Benjamin Franklin (February 1, 1812 – October 22, 1878) was an important conservative figure in the American Restoration Movement, especially as the leading antebellum conservative in the northern United States branch of the movement. He is notable as an early and lifelong mentor of Daniel Sommer, whose support of the 1889 Sand Creek Declaration set in motion events which led to the formal division of the Churches of Christ from the Disciples of Christ in 1906.

According to contemporary biographies "His early religious training was according to the Methodist faith, though he never belonged to any church until he united with the Disciples."

==Biography==

=== Early years ===
Born near present-day Belmont County, Ohio, in 1812, Franklin was said to be a fourth-generation descendant of a brother of American Revolutionary War figure Benjamin Franklin, for whom he was named.
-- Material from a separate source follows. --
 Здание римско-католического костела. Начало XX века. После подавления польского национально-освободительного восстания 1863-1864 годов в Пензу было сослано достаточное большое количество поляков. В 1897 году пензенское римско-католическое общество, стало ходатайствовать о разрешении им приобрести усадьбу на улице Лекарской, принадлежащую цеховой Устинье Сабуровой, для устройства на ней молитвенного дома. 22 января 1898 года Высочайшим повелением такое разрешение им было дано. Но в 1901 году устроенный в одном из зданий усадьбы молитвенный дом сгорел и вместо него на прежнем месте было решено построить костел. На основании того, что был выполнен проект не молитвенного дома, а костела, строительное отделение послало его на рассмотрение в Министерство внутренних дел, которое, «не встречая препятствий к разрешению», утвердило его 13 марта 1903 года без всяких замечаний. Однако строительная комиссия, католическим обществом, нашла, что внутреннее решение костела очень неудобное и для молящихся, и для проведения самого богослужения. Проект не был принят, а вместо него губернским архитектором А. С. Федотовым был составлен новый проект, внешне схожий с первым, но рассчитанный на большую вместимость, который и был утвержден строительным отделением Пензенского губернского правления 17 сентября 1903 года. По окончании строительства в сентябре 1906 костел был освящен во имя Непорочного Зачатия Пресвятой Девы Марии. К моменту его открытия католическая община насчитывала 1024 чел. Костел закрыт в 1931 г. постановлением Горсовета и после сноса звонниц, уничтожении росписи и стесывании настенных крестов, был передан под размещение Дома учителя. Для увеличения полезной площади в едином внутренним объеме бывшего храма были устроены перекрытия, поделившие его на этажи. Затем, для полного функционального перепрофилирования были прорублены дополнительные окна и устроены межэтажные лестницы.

He was the eldest son of a fairly big family.

When Franklin was near 21 years old, thus in late 1832 or early 1833, Franklin's father moved the family to farmland about three miles (5 km) south of Middletown in Henry County, Indiana. Franklin himself purchased 80 acre.

=== Career ===

==== Restoration Movement conversion ====
In November 1834, pioneer Restoration Movement preacher and elder Samuel Rogers moved to the Falls of Rough Creek in Henry County from Kentucky, becoming a neighbor of the Franklin family.
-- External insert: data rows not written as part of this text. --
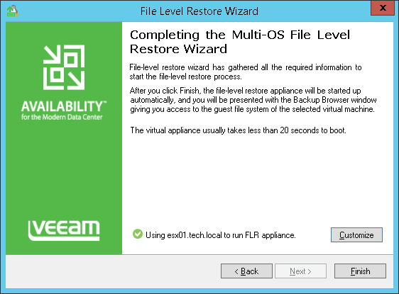 At the last step of the wizard, click Finish to start restoring VM guest OS files. The file-level restore appliance may take about 10-40 seconds to boot.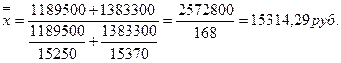Пример. По приведенным данным о средней заработной плате рабочих в двух цехах, рассчитать общую среднюю заработную плату по предприятию.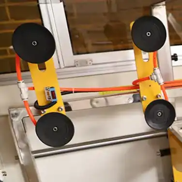 Suction cups, typically made from durable rubber or silicone materials, are mounted on adjustable mechanical arms connected to a vacuum generation system.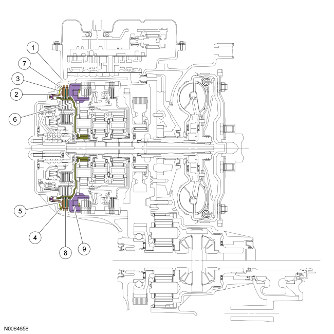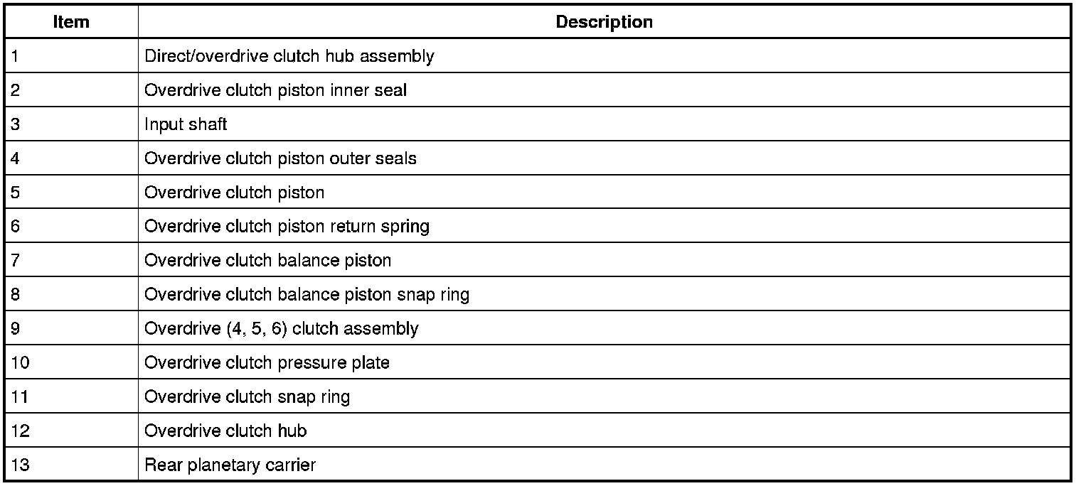 The overdrive clutch is a drive clutch that transfers power from the direct/overdrive clutch hub assembly to the rear planetary carrier. The overdrive clutch is applied in 4th, 5th and 6th gears.

Rogers began to preach Restoration Movement doctrine using a local schoolhouse to deliver his orations. He was quickly rejected as heretical by the Methodist leadership in the area; however, his family was sympathetic toward the neighbor and soon came under his theological influence. Franklin was baptized by full immersion in 1836 by Rogers near Middletown in Henry County, Indiana, along with many others who were baptized in the same meeting. (One source also credits Elijah Martindale in Franklin's conversion.) Of those baptized at this meeting, six or seven would go on to become preachers in the movement: Franklin, three of his brothers, Eider Adamson, John T. Rogers, and possibly another whose name was forgotten by one of Rogers' biographers.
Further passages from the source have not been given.